Brief
From top to bottom, retype the data exactly, passing over any picture.

Data provided

__________________________________________________

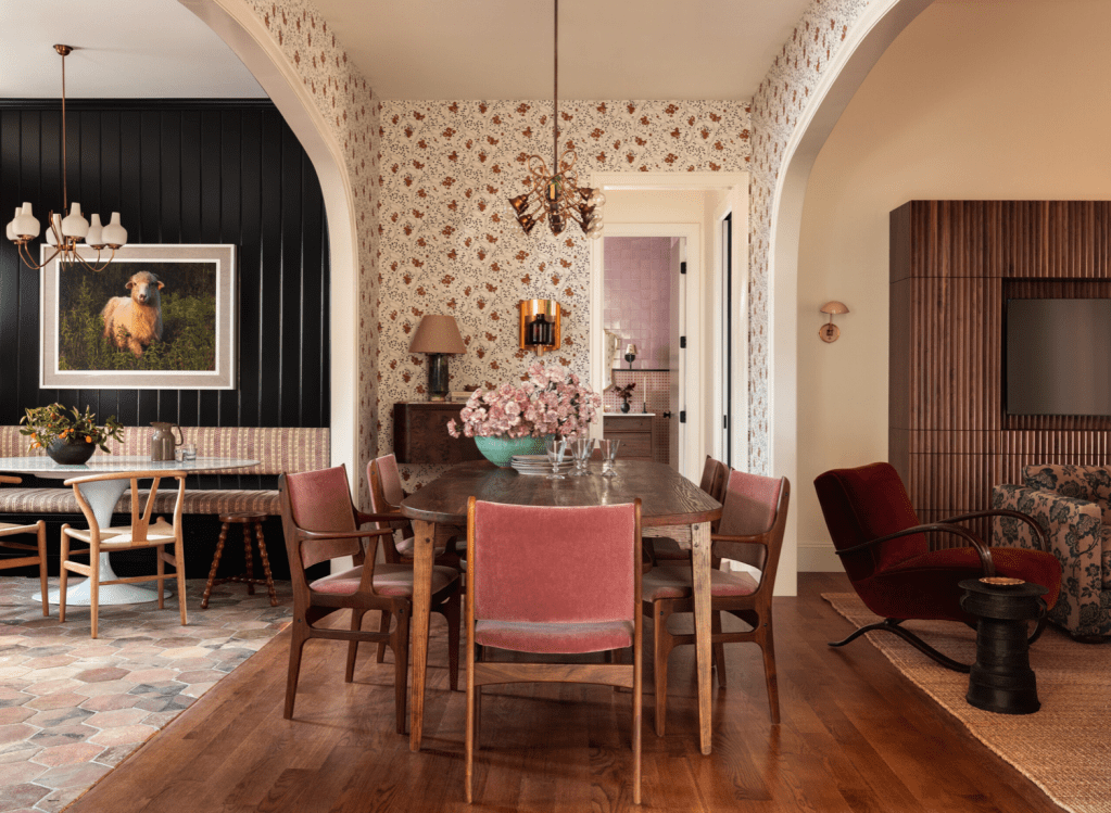 The wallpaper! The vintage furniture! The sheep art! This is such a target rich, textural and layered environment. The other rooms in this home are stunning.
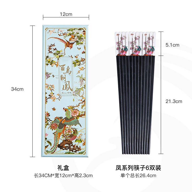 • A190-1A 백 새와 피닉스 젓가락 6 쌍 피닉스 시리즈 (선물 상자 포함)
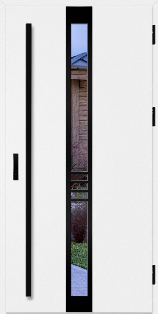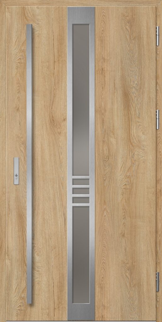 Drzwi wykonane z blachy stalowej, zabezpieczone okleiną PCV, która odznacza się wysoką odpornością na zmienne warunki atmosferyczne, promieniowanie UV. Zastosowanie wysokiej jakości materiałów, gwarantuje nie tylko estetykę, ale również trwałość i bezpieczeństwo na lata.
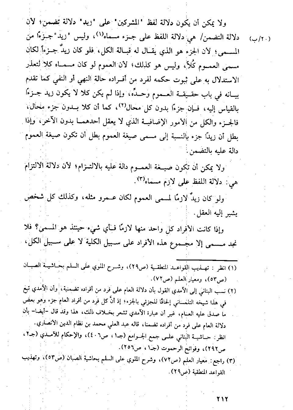 ولا يمكن أن يكون دلالة لفظ (المشركين) على (زيد) دلالة تضمن؛ لأن دلالة التضمن/ هي دلالة اللفظ على جزء مسماه، وليس (زيد) جزءا من المسمى؛ لأن الجزء هو الذي يقال له قبالة الكل، فلو كان زيد جزءا لكان مسمى العموم كلا، وليس هو كذلك؛ لأن العموم لو كان مسماه كلا لتعذر الاستدلال به على ثبوت حكمه فرد من أفراده حالة النهي أو النفي كما تقدم بياناته في باب حقيقة العموم وحده، وإذا لم يكن كلا لا يكون زيد جزءا بالقياس إليه، فإن جزءا بدون كل محال، كما أن كلا بدون جزء محال، فالجزء والكل من الأمور الإضافية الذي لا يعقل أحدهما بدون الآخر، وإذا بطل أن زيدا جزء بالنسبة إلى مسمى صيغة العموم يطل أن تكون صيغة العموم دالة عليه بالتضمن.

__________________________________________________

Answer box
 The wallpaper! The vintage furniture! The sheep art! This is such a target rich, textural and layered environment. The other rooms in this home are stunning.
 • A190-1A 백 새와 피닉스 젓가락 6 쌍 피닉스 시리즈 (선물 상자 포함)
 Drzwi wykonane z blachy stalowej, zabezpieczone okleiną PCV, która odznacza się wysoką odpornością na zmienne warunki atmosferyczne, promieniowanie UV. Zastosowanie wysokiej jakości materiałów, gwarantuje nie tylko estetykę, ale również trwałość i bezpieczeństwo na lata.
 ولا يمكن أن يكون دلالة لفظ (المشركين) على (زيد) دلالة تضمن؛ لأن دلالة التضمن/ هي دلالة اللفظ على جزء مسماه، وليس (زيد) جزءا من المسمى؛ لأن الجزء هو الذي يقال له قبالة الكل، فلو كان زيد جزءا لكان مسمى العموم كلا، وليس هو كذلك؛ لأن العموم لو كان مسماه كلا لتعذر الاستدلال به على ثبوت حكمه فرد من أفراده حالة النهي أو النفي كما تقدم بياناته في باب حقيقة العموم وحده، وإذا لم يكن كلا لا يكون زيد جزءا بالقياس إليه، فإن جزءا بدون كل محال، كما أن كلا بدون جزء محال، فالجزء والكل من الأمور الإضافية الذي لا يعقل أحدهما بدون الآخر، وإذا بطل أن زيدا جزء بالنسبة إلى مسمى صيغة العموم يطل أن تكون صيغة العموم دالة عليه بالتضمن.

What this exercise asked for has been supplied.